Start of Input data

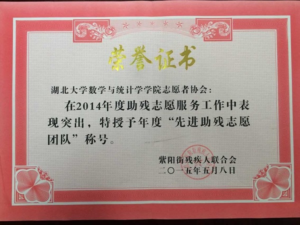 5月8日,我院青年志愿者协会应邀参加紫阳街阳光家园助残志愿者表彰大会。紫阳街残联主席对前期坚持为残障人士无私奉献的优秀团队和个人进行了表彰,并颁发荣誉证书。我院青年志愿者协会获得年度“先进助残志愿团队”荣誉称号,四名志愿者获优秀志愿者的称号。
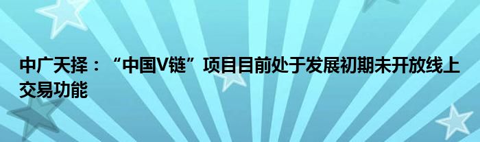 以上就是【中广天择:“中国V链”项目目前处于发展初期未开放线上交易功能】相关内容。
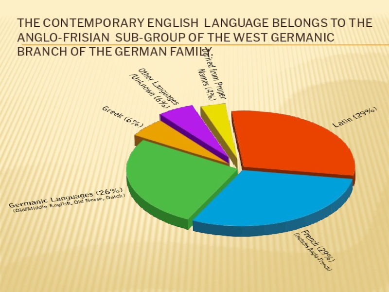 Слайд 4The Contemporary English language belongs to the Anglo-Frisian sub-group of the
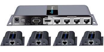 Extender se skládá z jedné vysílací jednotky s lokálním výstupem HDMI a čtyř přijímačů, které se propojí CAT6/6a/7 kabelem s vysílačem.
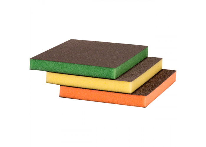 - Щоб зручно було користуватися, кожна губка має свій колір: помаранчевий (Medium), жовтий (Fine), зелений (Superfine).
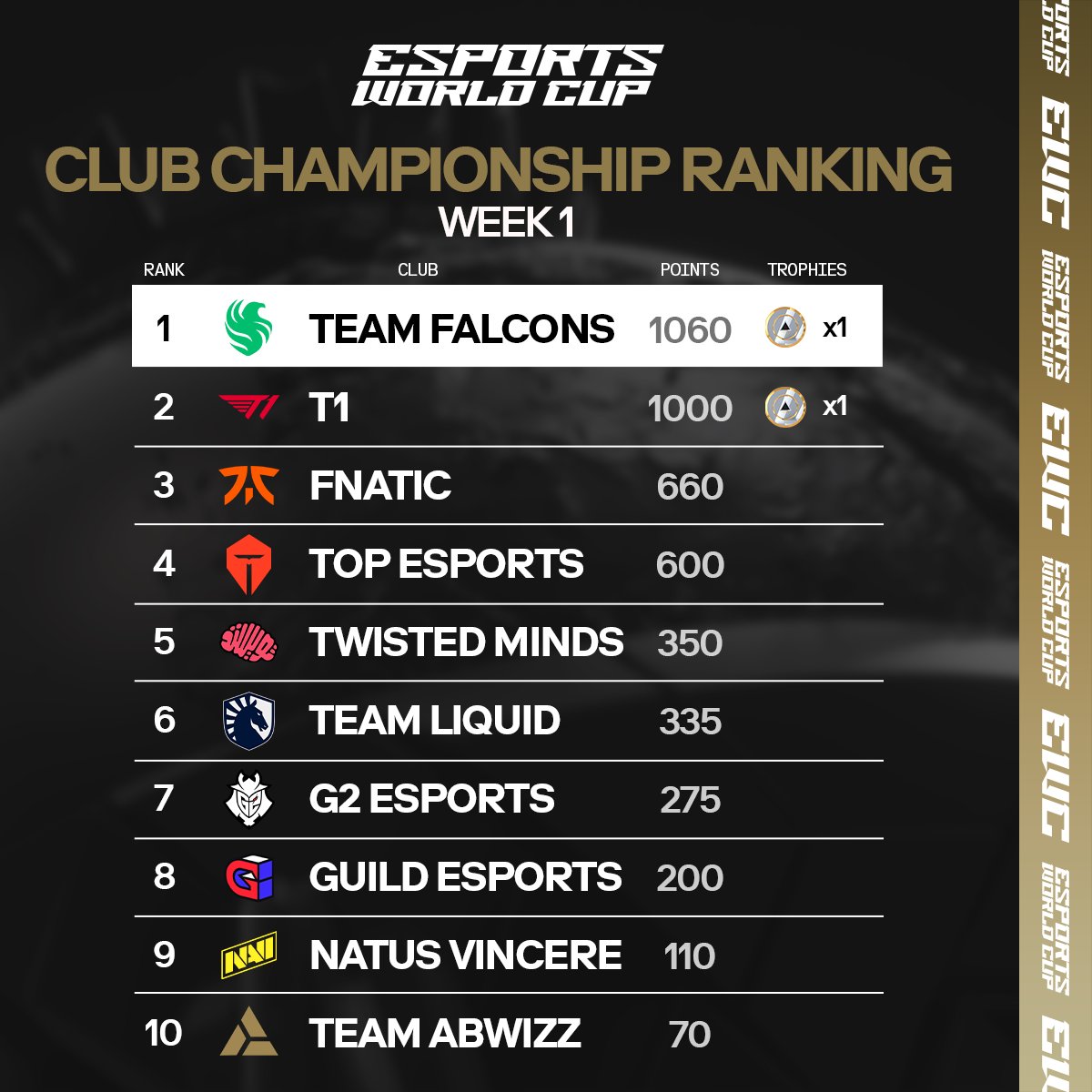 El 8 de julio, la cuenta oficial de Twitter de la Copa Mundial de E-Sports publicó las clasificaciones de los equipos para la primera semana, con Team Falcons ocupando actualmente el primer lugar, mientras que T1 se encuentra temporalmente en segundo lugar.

End of Input data

**What is being asked**
Write the material above out again exactly as it reads, but don't carry over the pictures.

**Problem solution**
 5月8日,我院青年志愿者协会应邀参加紫阳街阳光家园助残志愿者表彰大会。紫阳街残联主席对前期坚持为残障人士无私奉献的优秀团队和个人进行了表彰,并颁发荣誉证书。我院青年志愿者协会获得年度“先进助残志愿团队”荣誉称号,四名志愿者获优秀志愿者的称号。
 以上就是【中广天择:“中国V链”项目目前处于发展初期未开放线上交易功能】相关内容。
 Слайд 4The Contemporary English language belongs to the Anglo-Frisian sub-group of the
 Extender se skládá z jedné vysílací jednotky s lokálním výstupem HDMI a čtyř přijímačů, které se propojí CAT6/6a/7 kabelem s vysílačem.
 - Щоб зручно було користуватися, кожна губка має свій колір: помаранчевий (Medium), жовтий (Fine), зелений (Superfine).
 El 8 de julio, la cuenta oficial de Twitter de la Copa Mundial de E-Sports publicó las clasificaciones de los equipos para la primera semana, con Team Falcons ocupando actualmente el primer lugar, mientras que T1 se encuentra temporalmente en segundo lugar.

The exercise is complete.